Conotoxins, which are peptides consisting of 10 to 30 amino acid residues, typically have one or more disulfide bonds. Conotoxins have a variety of mechanisms of actions, most of which have not been determined. However, it appears that many of these peptides modulate the activity of ion channels.[1] Over the last few decades conotoxins have been subject of pharmacological interest.[2]
Contents
Hypervariability
Conotoxins are hypervariable even within the same species; the genes that encode them do not act endogenously,[3] and thus are less conserved and more likely to experience gene duplication events and nonsynonymous mutations which lead to the development of novel functions.[4] These genes will experience less selection against mutations, and therefore mutations will remain in the genome longer, allowing more time for potentially beneficial novel functions to arise.[5] Variability in conotoxin components reduces the likelihood that prey organisms will develop resistance; thus cone snails are under constant selective pressure to maintain polymorphism in these genes because failing to evolve and adapt will lead to extinction (Red Queen hypothesis).[6]
Disulfide connectivities
Types of conotoxins also differ in the number and pattern of disulfide bonds.[7] The disulfide bonding network, as well as specific amino acids in inter-cysteine loops, provide the specificity of conotoxins.[8]
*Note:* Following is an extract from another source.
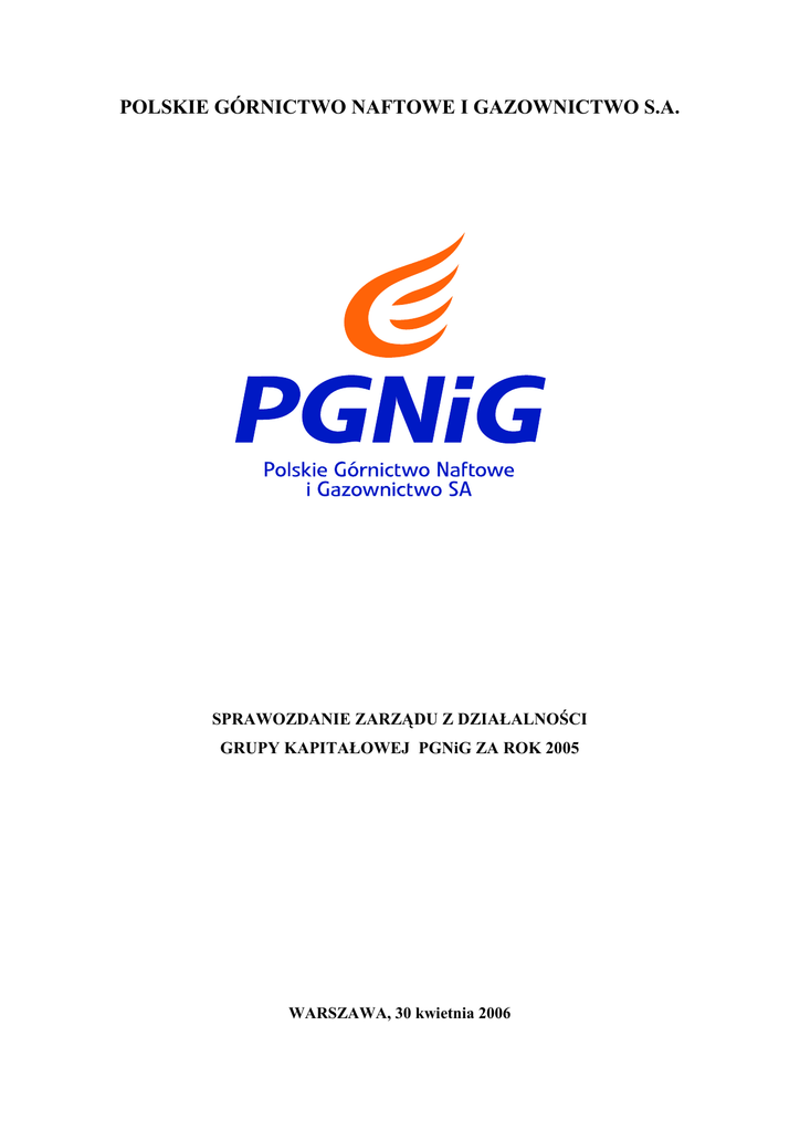 POLSKIE GÓRNICTWO NAFTOWE I GAZOWNICTWO S.A. SPRAWOZDANIE ZARZĄDU Z DZIAŁALNOŚCI GRUPY KAPITAŁOWEJ PGNiG ZA ROK 2005 WARSZAWA, 30 kwietnia 2006 Spis rozdziałów Spis rozdziałów ..................................................................................................... 1 Rozdział I: Podstawowe dane o Grupie Kapitałowej PGNiG.............................. 4 1. Powstanie PGNiG S.A. ..................................................................................................... 4 2. Struktura organizacyjna Grupy Kapitałowej PGNiG........................................................ 5 3. Zmiany struktury GK PGNiG w 2005 roku ...................................................................... 9 4. Zatrudnienie ...................................................................................................................... 9 Rozdział II: Organy Spółki PGNiG S.A. ............................................................. 9 1. Zarząd................................................................................................................................ 9 1.1. Zmiany w Zarządzie................................................................................................... 9 1.2. Podział kompetencji członków Zarządu .................................................................... 9 1.3. Umowy z członkami Zarządu .................................................................................... 9 1.4. Prokurenci .................................................................................................................. 9 2. Rada nadzorcza ................................................................................................................. 9 Rozdział III: Zmiany w zasadach zarządzania..................................................... 9 Rozdział IV: Otoczenie regulacyjne .................................................................... 9 1. Prawo Energetyczne .......................................................................................................... 9 1.1. Koncesje ..................................................................................................................... 9 1.2. Polityka taryfowa ....................................................................................................... 9 1.3. Zmiany w taryfach PGNiG S.A. ................................................................................ 9 1.4. Zmiany w taryfach Spółek Gazownictwa .................................................................. 9 1.5. Ryzyka taryfowe ........................................................................................................ 9 2. Prawo geologiczne i górnicze............................................................................................ 9 Rozdział V: Publiczna emisja akcji...................................................................... 9 Rozdział VI: Struktura akcjonariatu..................................................................... 9 Rozdział VII: Obrót.............................................................................................. 9 1. Struktura sprzedaży i zakupów.......................................................................................... 9 2. Podstawowe umowy handlowe ......................................................................................... 9 3. Planowane działania w obszarze obrotu............................................................................ 9 4. Ryzyka w obszarze obrotu ................................................................................................ 9 Strona 2 z 102 Rozdział VIII: Dystrybucja ................................................................................... 9 1. Działalność Spółek Gazownictwa w 2005 roku................................................................. 9 2. Planowane kierunki rozwoju Spółek Gazownictwa........................................................... 9 3. Ryzyka w obszarze dystrybucji......................................................................................... 9 Rozdział IX: Poszukiwania złóż .......................................................................... 9 1. Prace poszukiwawcze w 2005 roku................................................................................... 9 2. Działalność Spółek sektora poszukiwań ........................................................................... 9 3. Wspólne przedsięwzięcia .................................................................................................. 9 4. Planowane kierunki prac poszukiwawczych..................................................................... 9 5. Ryzyka działalności poszukiwawczej ............................................................................... 9 Rozdział X: Eksploatacja złóż.............................................................................. 9 1. Prace w obszarze eksploatacji złóż w 2005 roku .............................................................. 9 2. Inwestycje w obszarze górnictwa naftowego.................................................................... 9 3. Perspektywy rozwoju działalności PGNiG S.A. ............................................................... 9 4. Ryzyka i zagrożenia .......................................................................................................... 9 5. Ochrona środowiska naturalnego ...................................................................................... 9 Rozdział XI: Przesył............................................................................................. 9 Rozdział XII: Pozostałe wydarzenia .................................................................... 9 1. Wyniki finansowe w 2005 roku ........................................................................................ 9 1.1. Podstawowe wielkości ekonomiczno-finansowe ................

Types and biological activities
The number of conotoxins whose activities have been determined so far is five, and they are called the α(alpha)-, δ(delta)-, κ(kappa)-, μ(mu)-, and ω(omega)- types. Each of the five types of conotoxins attacks a different target:
- α-conotoxin inhibits nicotinic acetylcholine receptors at nerves and muscles.[9]
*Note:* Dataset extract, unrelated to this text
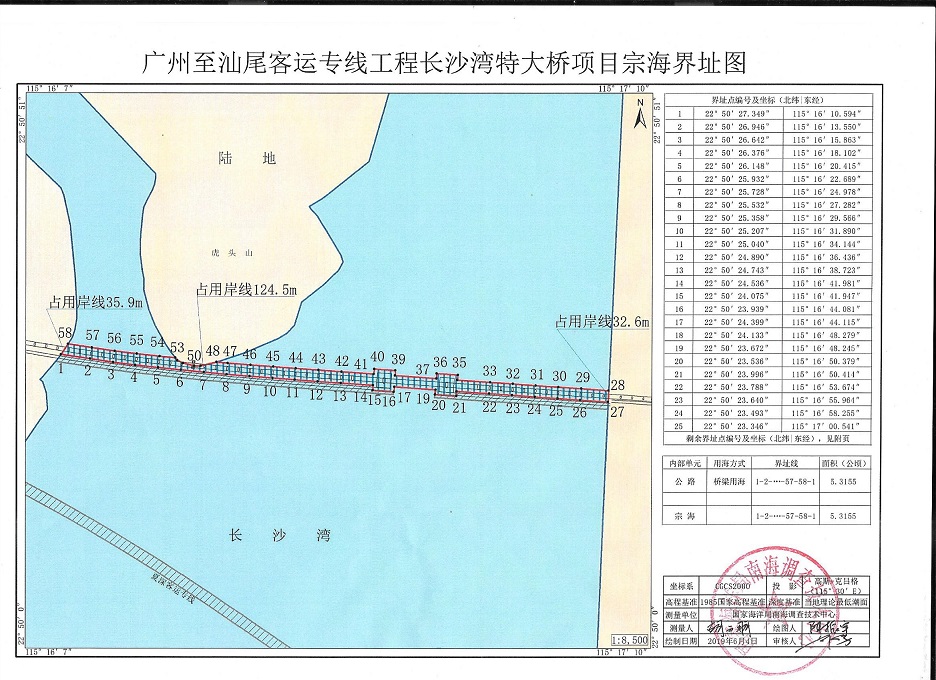 广东广汕铁路有限责任公司拟在市城区红草镇和海丰县梅陇镇之间建设广州至汕尾客运专线长沙湾特大桥项目,项目位于厦深铁路跨海大桥以北约750m,东西向跨越长沙湾海域。项目涉及用海分为大桥主桥和临时施工栈桥,其中大桥主桥申请用海面积5.3155hm2,大桥跨海段长度1564.61m,主桥占用人工岸线193米,主桥用海年限40年;临时施工栈桥申请用海面积3.0950hm2,用海年限3年。用海性质为公益性,用海类型为交通运输用海中的路桥用海,用海方式为构筑物中的跨海桥梁用海(具体范围见附图)。有关事宜公示如下:

- δ-conotoxin inhibits the inactivation of voltage-dependent sodium channels.[10]
- κ-conotoxin inhibits potassium channels.[11]
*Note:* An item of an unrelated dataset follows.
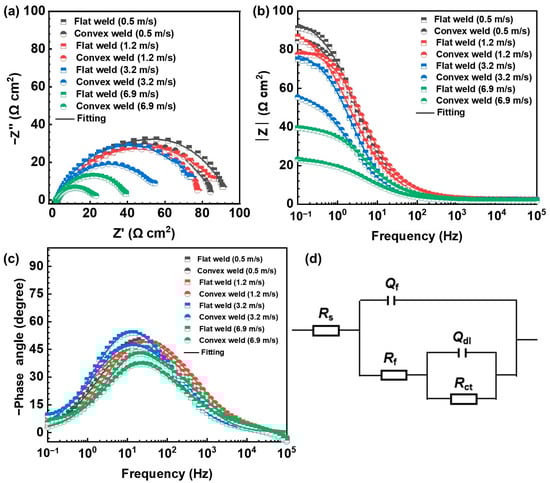 (a) Nyquist plots and (b,c) Bode plots of flat and convex welds after the 6 h corrosion test. (d) Equivalent circuits used for EIS fitting curves.

- μ-conotoxin inhibits voltage-dependent sodium channels in muscles.[12]
- ω-conotoxin inhibits N-type voltage-dependent calcium channels.[13] Because N-type voltage-dependent calcium channels are related to algesia (sensitivity to pain) in the nervous system, ω-conotoxin has an analgesic effect: the effect of ω-conotoxin M VII A is 100 to 1000 times that of morphine.[14] Therefore a synthetic version of ω-conotoxin M VII A has found application as an analgesic drug ziconotide (Prialt).[15]
Alpha
Alpha conotoxins have two types of cysteine arrangements,[16] and are competitive nicotinic acetylcholine receptor antagonists.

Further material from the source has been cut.